In conclusion, it is evident that the idea of corporations engaging in broader corporate social responsibility attracts a lot of different and convincing justifications which successfully reject Friedman’s arguments on profit maximisation and the “business case” analysis. In this new modern era of ethical and environmental concerns, where the protection of human and moral rights is constantly promoted, an opposite conclusion would have been unrealistic and unreasonable. Corporations must adopt the “intrinsic” version of CSR which entails going beyond their legal obligations and be held morally and ethically accountable for negative externalities caused.

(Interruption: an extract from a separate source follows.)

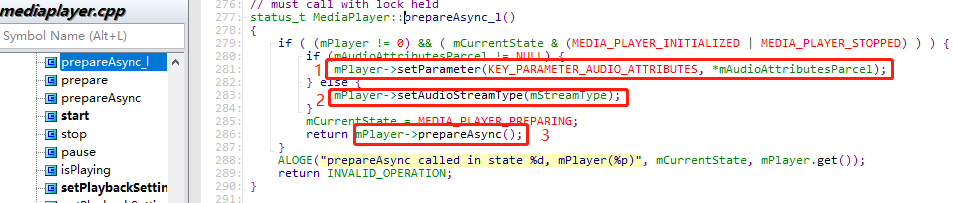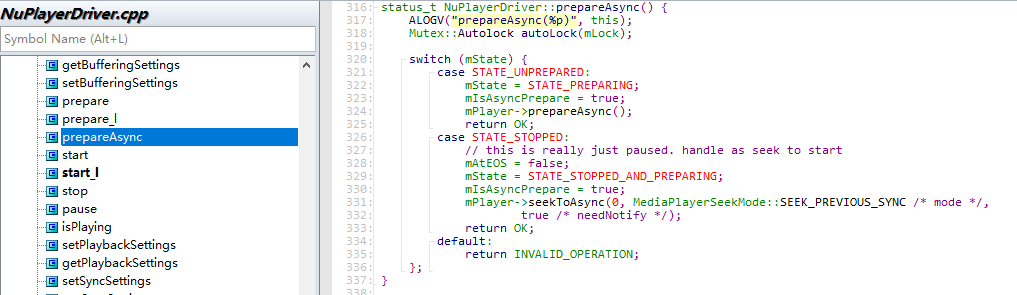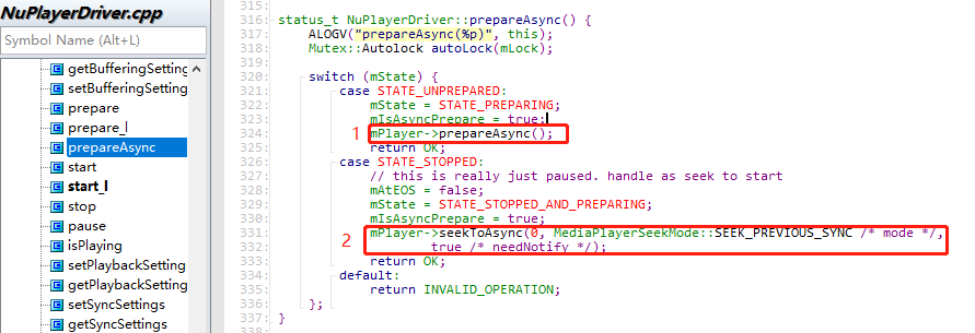 - 调用IMediaPlayer的prepareAsync方法,具体实现在MediaPlayerService中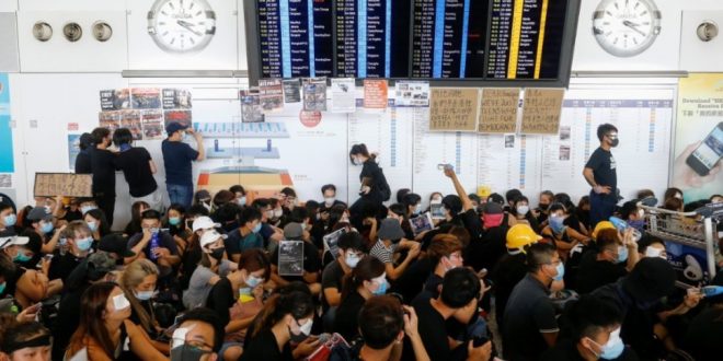 El aeropuerto de Hong Kong reanudó sus operaciones este martes, un día después de que se cancelaran todos los vuelos cuando miles de manifestantes prodemocracia invadieron la zona de llegadas, mientras las autoridades chinas subían el tono respecto a las protestas.

1 Schwartz, Mark S. (2011), “Corporate Social Responsibility: An Ethical Approach”, Broadview Press, Chapters 2 & 3.

2 Campbell, Tom (2012), “Corporate Social Responsibility: Beyond the Business Case to Human Rights” and other essays in Wesley Cragg, (ed), “Business and Human Rights”, Edward Elgar, pp. 47-73.

3 Above fn.2, p.47.

4 Friedman, Milton (Sept 13, 1970), “The Social Responsibility of Business is to Increase its Profits” The New York Times Magazine: 32-33, 122-26, in Cragg et al (2009), 31-36.

5 Above fn.1, p.55.

6 Above fn.3.

7 Cragg, Wesley (2004), “Human rights, globalisation and the modern shareholder owned corporation”, in T. Campbell and S. Miller eds, “Human Rights and the Moral Responsibilities of Corporations and Public Sector Organisations”, Kluwer, 105-27, pp. 123-6.

8 Above fn.2, pp.47-48.

9 Fisher, Deryn (2009), “The enlightened shareholder - leaving stakeholders in the dark: will section 172(1) of the Companies Act 2006 make directors consider the impact of their decisions on third parties?” I.C.C.L.R. 2009, 20(1), 10-16, pp.5-6.

10 Above fn.4, pp.31-33.

11 Above fn.4, p.32

12 Schwartz M.S., Tamari M., and Schwab D. (2007), “Ethical Investing from a Jewish Perspective”, Business Society Review 112.1: 137-61.

13  Ibid.

14 Beauchamp T.L., Bowie N.E., and Arnold D.G. (2009) “Ethical Theory and Business”, 8th ed. (Upper Saddle River, NJ: Pearson-Prentice Hall), 35-38.

15  Above fn.1, p.30

16  Bentham, Jeremy (1907) “Introduction to the Principles of Morals and Legislation, Oxford: Oxford University Press.

17  Above fn.1, pp.56-58.

18  Above fn.1, p.61.

19  Rawls, John (1999) “A Theory of Justice”, Harvard University Press.

20  Internet Encyclopedia of Philosophy, http://www.iep.utm.edu/soc-cont/

21 Above fn.1, p.63: Schwartz: “…paying corporate taxes is not sufficient to pay for all the negative externalities that firms cause and for which they are not held accountable (i.e., there is a lack of proper reciprocity).”